The Alternative works best when it’s an alternate universe Thick of It-style political satire, all power-hungry public figures battling it out with sharp words and silver tongues. The dramatic weight of all this fun is pinned on the relationship between the show’s producer and his potentially schizophrenic daughter, Gráinne. Gráinne, played with the nervous energy of a corpse shocked with electricity by Maeve Fitzgerald, believes she can see alternate realities. While her abilities are obviously real (as made evident by the play’s very premise), the production seems uninterested in offering a real conversation around this misunderstood mental illness. A conflict between her and her father around her medication, which stops her from seeing alternate worlds, even seems in conflict with the play’s own messaging, muddying whatever meaning the play is interested in. Gráinne, as a character, feels like she’s mostly there to so the play can comment on it’s own alternative reality status. With such a transparent reason for her existence in the story, it’s hard to invest in her struggle.
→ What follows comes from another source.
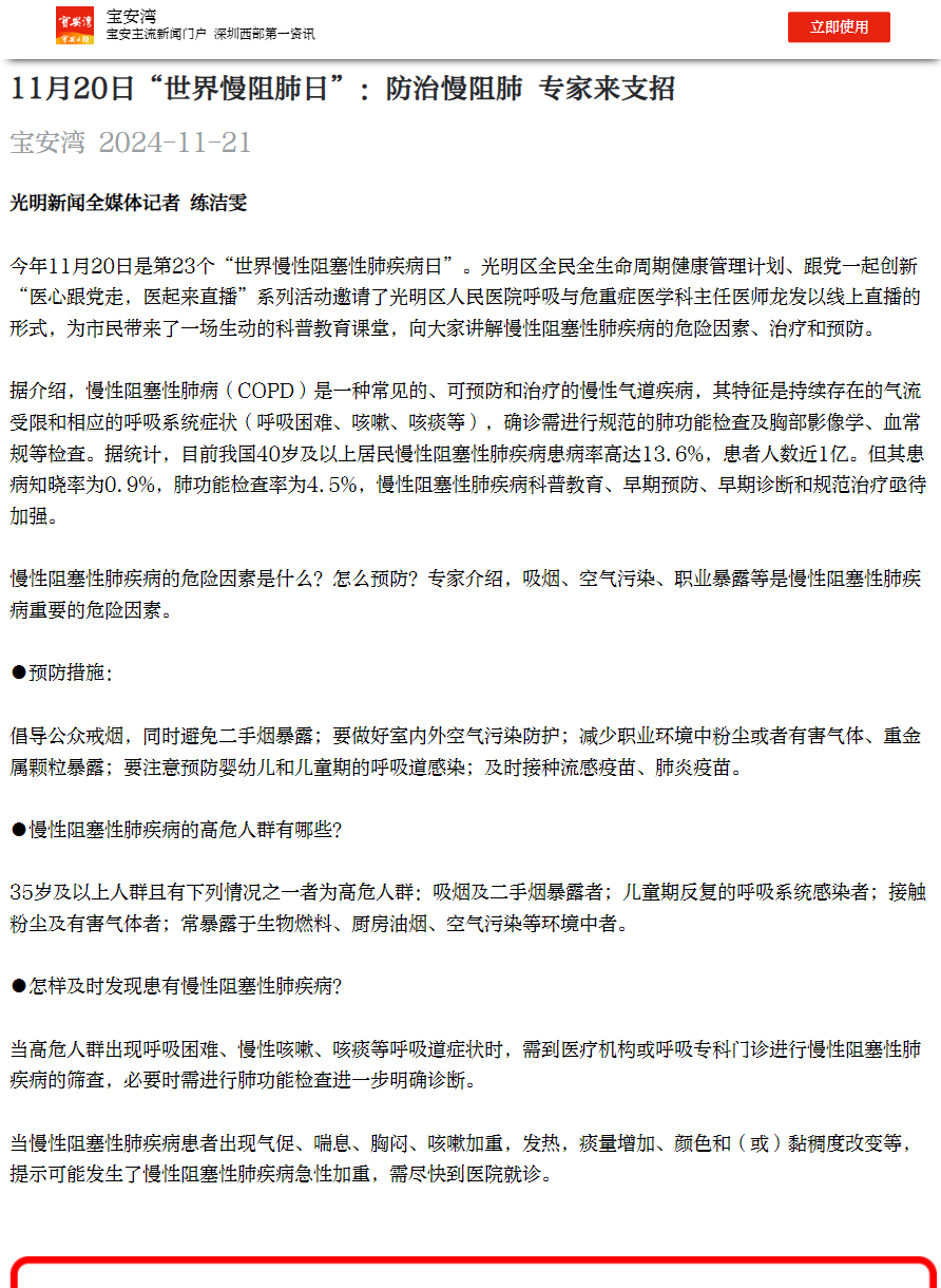 宝安湾:11月20日“世界慢阻肺日”:防治慢阻肺 专家来支招

We know she’s right; but her story isn’t about her being right. 

 

The most controversial, provocative, and frankly entertaining stroke of the script is the suggestion that a continued union with the UK would make for a better world. Sure, the people here still struggle with climate change and the woes of neo-liberal economics–but there’s no Brexit, higher employment, a healthier rural Ireland, and, oh yeah, World War 2 ended early. Why? Because Michael Collins fought in it, that’s why. Of course, the continued self-aware references, no matter how funny or wild, begin to drown the world of the text in exposition. This, along with the treatment of Gráinne’s plot, puts far too much metatextual weight on the world itself, and it begins to collapse in its clear understanding that this alternate world is not real. It’s hard to take the stakes of the election seriously when the show wants you to know so badly that this is just one of the, well, alternatives. However, even with this strained reality, the result is an extremely entertaining trip to an alternate world where, somehow, Michael Collins stopped the Hiroshima bombing. While the production may stumble in its ultimate drama, at least we can all enjoy that particular fantasy.